Adam da kadın da aynı evin içinde, çift kişilik yalnızlık konforunda ayrı ayrı aynı yalnızlığı yaşıyorlardı. Yağmurlardan sonra açan çiçekler, kışın ardından gelen bahar, karanlıktan sonra aydınlığa dönüşen dünya onlar için anlamsızdı. Onlar birbirlerinin ömür törpüsü, sanki üzerinden geçmek zorunda oldukları birbirlerinin sırat köprüleriydi. Ne baharın umudu, ne güzün hüznü fark etmezdi. Gece ihtişamıyla birçok şeyi örtse de yalnızlığı örtemezdi.
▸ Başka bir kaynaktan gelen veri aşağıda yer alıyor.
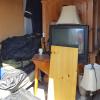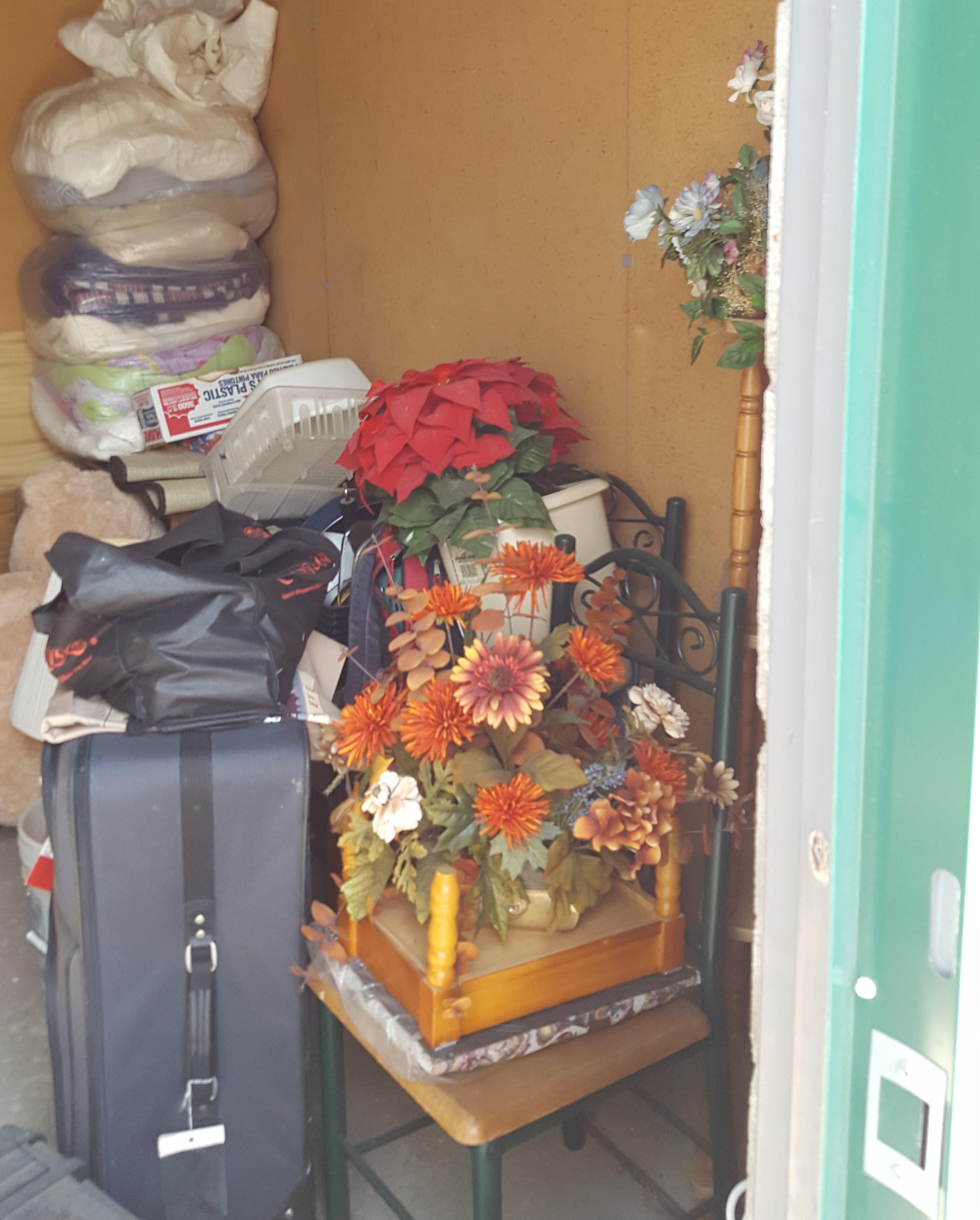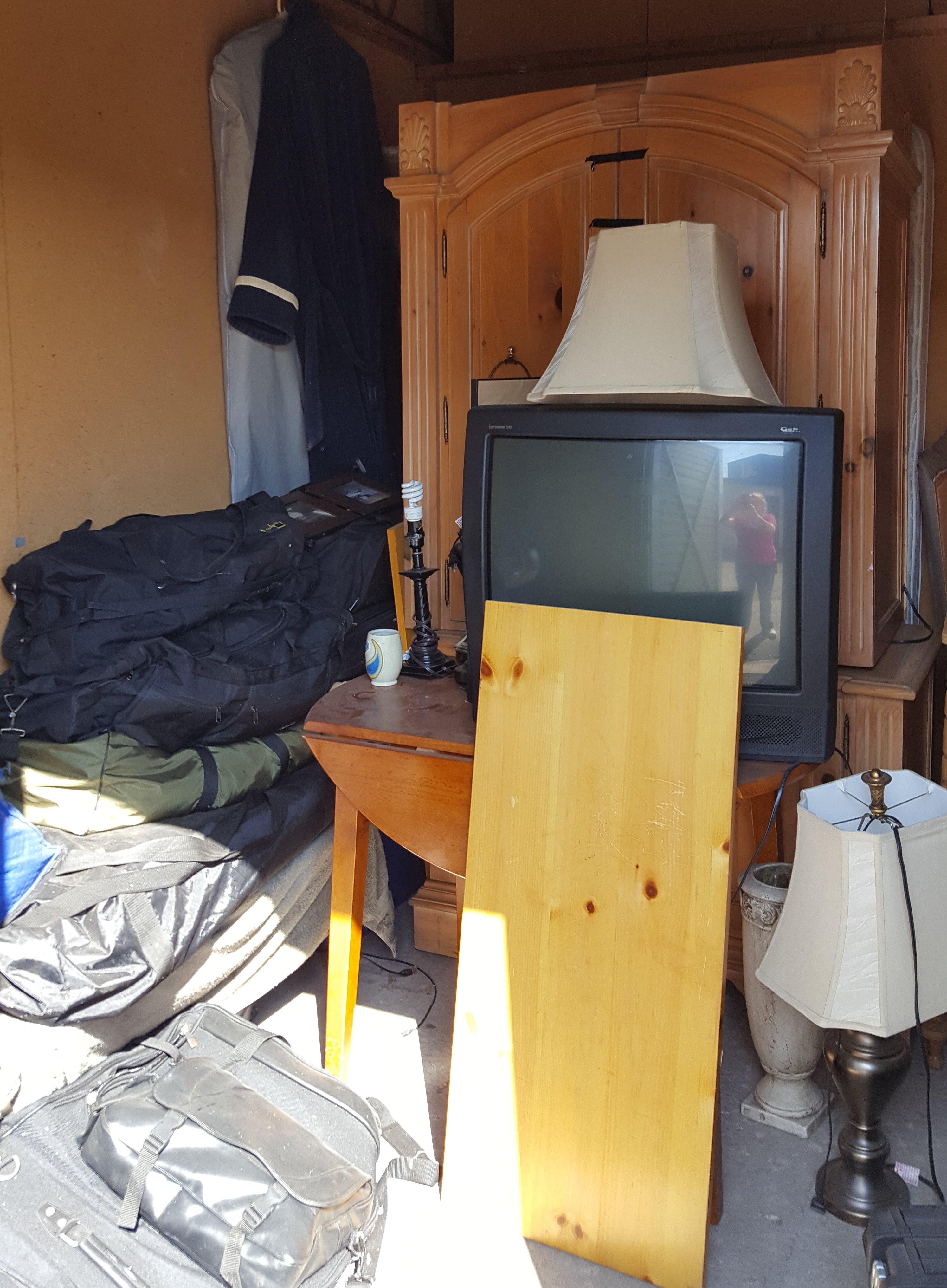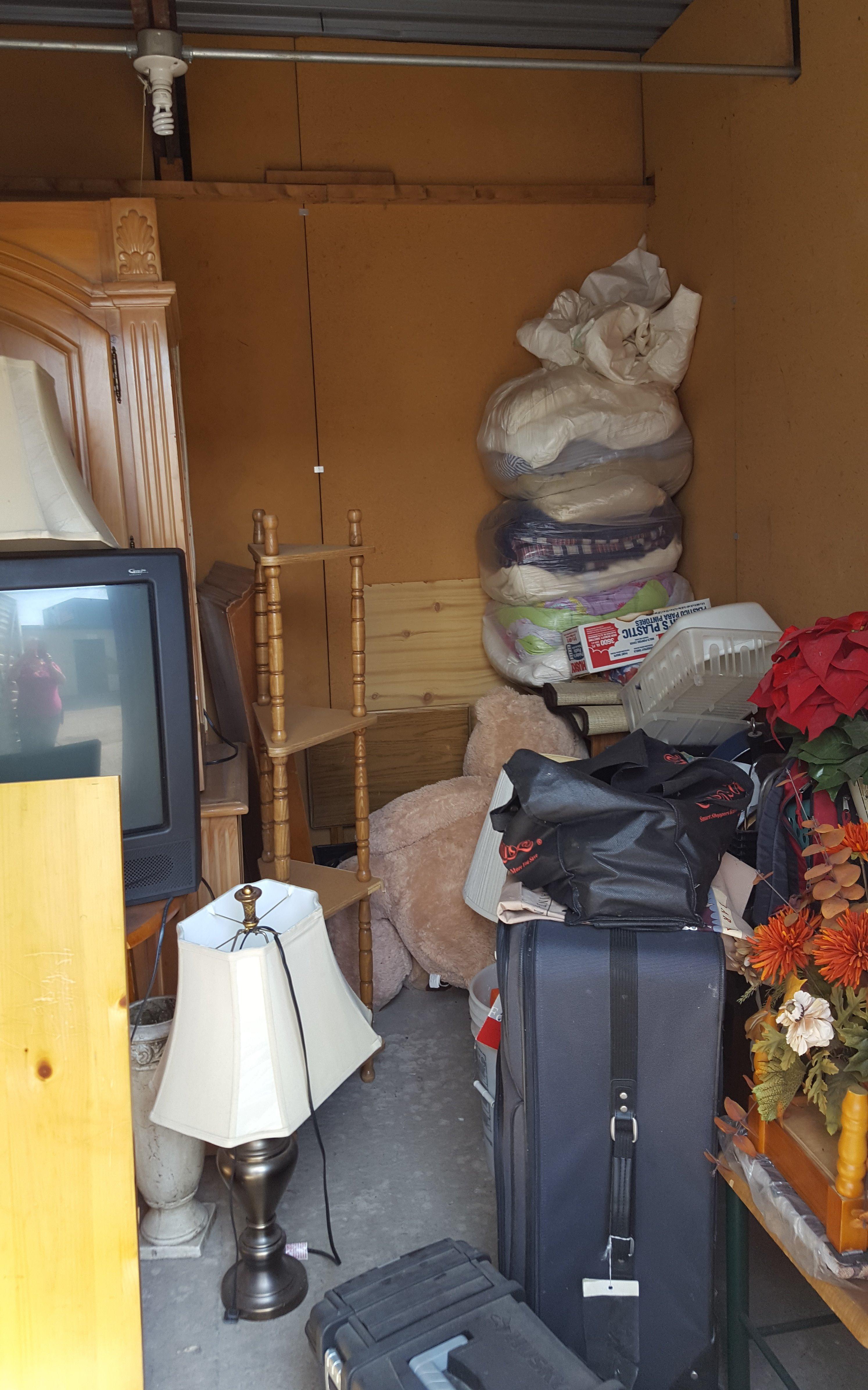 Unit has garment bags, entertainment center, tv, speakers, cd`s, lamps, table and chairs and toolbox. Has some Misc. items unit was organized.
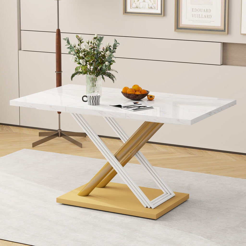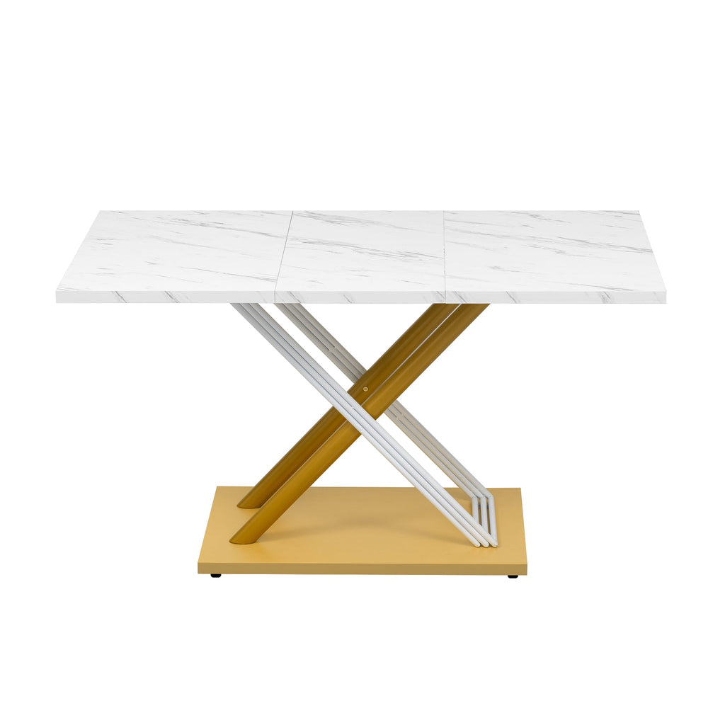 The X-shaped steel legs give the table a three-dimensional look and dynamic elegance. The gold and white color combination of the legs blends perfectly with modern interior styles. The high-quality MDF base provides additional stability, making it ideal as a kitchen table or marble dining table.
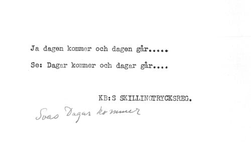 //// Ja dagen kommer och dagen går....* //// Se: Dagar koRimer och dagar går.... //// KB:S SKILLINGTRYCKSREG. ////
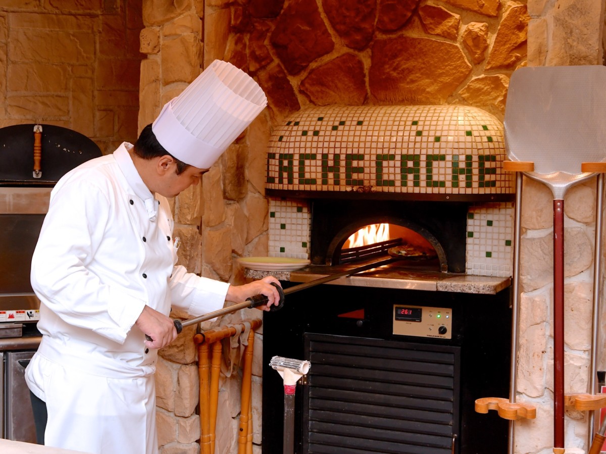 デコレーションが終わったら「カシュカシュ」自慢のピザ窯へ。
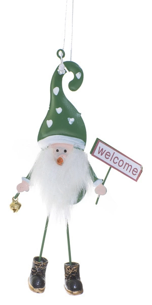 Zawieszka przygotowana w formie Mikołaja w ruchomymi nogami. Ozdoba wykonana została z metalu, który pomalowano w wyraziste kolory. Jest bardzo atrakcyjną alternatywą dla klasycznych dekoracji choinkowych, wprowadzając do wnętrza magię i nastrój Bożego Narodzenia.

Çünkü yalnızlık acı bir şeydi. Oysa karanlığın acıyı dindirme özelliği yoktu.
***
Onlar farkında olmasa da kıymış oldukları nikâh akdinden sonra tam on yedi yıl geçmişti. Adam geç saatlere rağmen henüz eve dönmemişti. Kadın kendi kendine söylenip durdu. Yine kim bilir nerede sürtüyor bu ömür törpüsü. Bir haber bile vermez zaten diye mırıldandı. Biraz sonra şehrin gürültüsünü yararak geçen acı bir siren sesi duyuldu. Ve bir kara haber düştü bacadan soğuk yuvaya. Soğuk yıldızların altında matem ambarlarından gözyaşı serinliğinde birkaç mercan süzüldü. Oysa yıllar önce ölmüş bir adamın sadece cenazesini kaldıracaktı.
***
Herkes içinden sağ çıktığı günün gazisi yaşadıklarınınsa şahididir. Ve kadın gazisi olduğu bir günde bir şeye daha şahitlik ediyordu. Titreyen dudaklardan birkaç kelime kurtuldu. Oyuncaklarda ölür. Oyuncağa dönüşen adamlarda.
***
Şu koca dünyaya sığmayan insanın gönlüne bu kadar telaşe nasıl sığar bilinmez amma; bazen insan insanı yaşarken öldüren bir ölüm meleği gibidir. O yüzden insan insanın en büyük meçhulü, en derin girdabı, en ağır imtihanıdır. Kazananlar cennete gider. Kaybedenlerse zaten cehennemdedir.
YORUMLAR
Henüz yorum yapılmamış.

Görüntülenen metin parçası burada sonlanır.